Riemann Sum Calculation for f(x)=x on [0,2] with n=8

[Firben]

Let Pn denote the partition of the given interval [a,b] into n sub intervals of equal length Δxi = (b-a)/n
Evaluate L(f,Pn) and U(f,Pn) for the given functions f and the given values of n.

f(x)=x on [0,2], with n=8

2.My solution

x0 = 0, x1 = 1/4, x2 = 1/2, x3 = 3/4, x4 = 1, x5 = 5/4, x6 = 3/2, x7 = 7/4, x8 = 2

L(f,Pn) = 1/4(1/4+1/2+3/4+1+5/4+3/2+7/4+2) = 2.25 = 9/4

U(f,Pn) = 1/4(0+1/4+1/2+3/4+1+5/4+3/2+7/4) = 1.75 = 7/4

In the answersheet the lower rienmann sum is 7/4 and the upper rienmann is 9/4

What is wrong ?

 

[LCKurtz]

Let Pn denote the partition of the given interval [a,b] into n sub intervals of equal length Δxi = (b-a)/n
Evaluate L(f,Pn) and U(f,Pn) for the given functions f and the given values of n.

f(x)=x on [0,2], with n=8

2.My solution

x0 = 0, x1 = 1/4, x2 = 1/2, x3 = 3/4, x4 = 1, x5 = 5/4, x6 = 3/2, x7 = 7/4, x8 = 2

L(f,Pn) = 1/4(1/4+1/2+3/4+1+5/4+3/2+7/4+2) = 2.25 = 9/4

U(f,Pn) = 1/4(0+1/4+1/2+3/4+1+5/4+3/2+7/4) = 1.75 = 7/4

In the answersheet the lower rienmann sum is 7/4 and the upper rienmann is 9/4

What is wrong ?

The only thing I see that is incorrect is your spelling of "Riemann".

 

[micromass]

L(f,Pn) = 1/4(1/4+1/2+3/4+1+5/4+3/2+7/4+2)
U(f,Pn) = 1/4(0+1/4+1/2+3/4+1+5/4+3/2+7/4)

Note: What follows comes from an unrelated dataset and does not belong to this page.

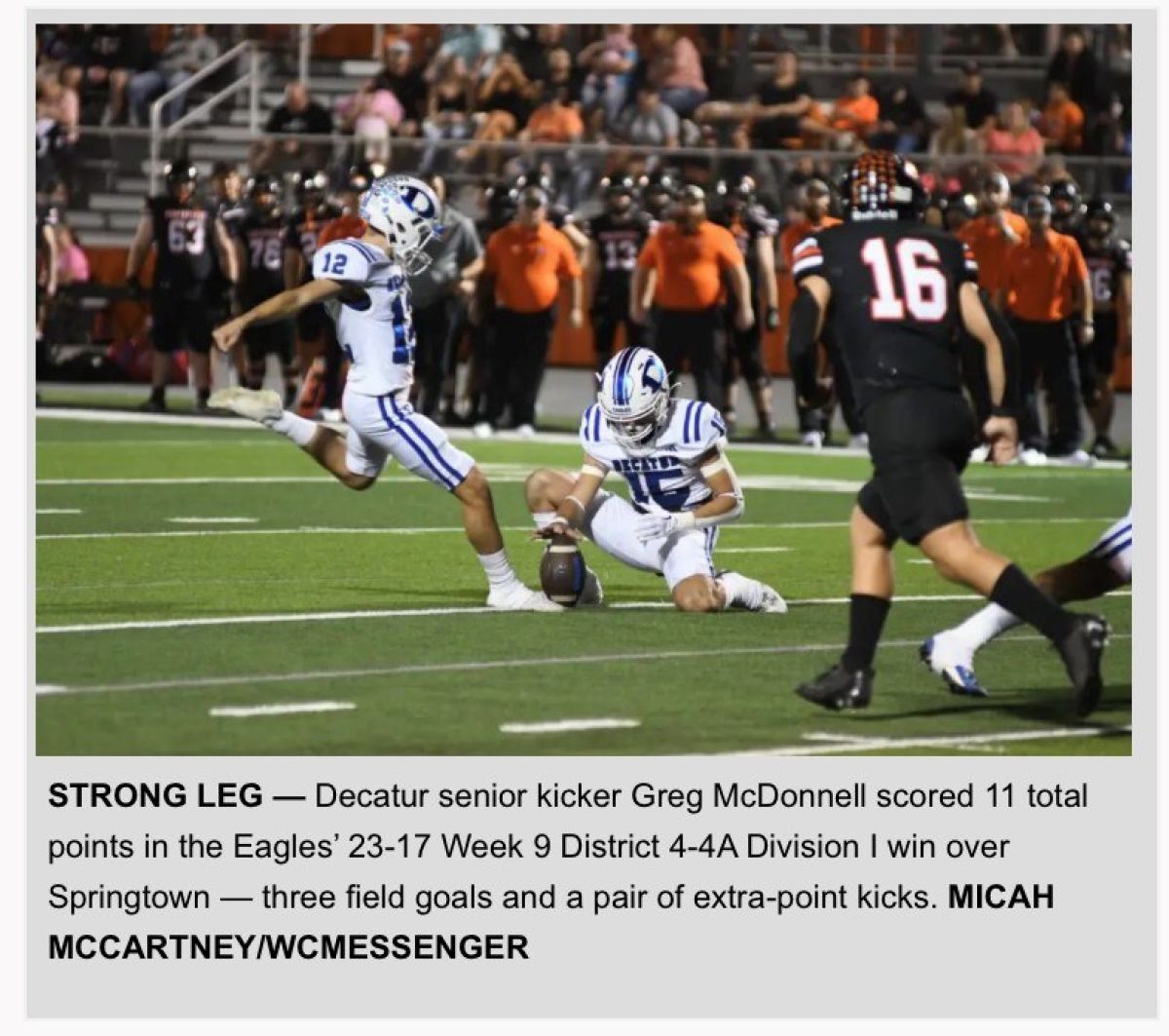 McDonnell competed at the 2024 Kohl's National Senior Challenge. He flashed both solid leg strength and command of his "A" ball at camp. He scored four points in the field goal charting and had an overall score of 96.05 in the kickoff portion of camp. His biggest charted kickoff was 63 yards with 3.46 seconds of hang time. McDonnell attended the 2023 Kohl's Texas Winter Showcase. He showed solid ball striking and above average leg speed. He scored 4 points in the field goal charting and connected with a big ball of 64 yards with 3.32 seconds of hang time. His overall score on kickoffs was 97.00. McDonnell competed at the

Shouldn't these two be swapped?? To find L, you take the lowest value in the interval. So it makes sense that

L(f,Pn) = 1/4(0+1/4+1/2+3/4+1+5/4+3/2+7/4)

and not the thing you wrote.

 

[LCKurtz]

Shouldn't these two be swapped??

Heh. I didn't even notice that and I was wondering why he said the answers were wrong.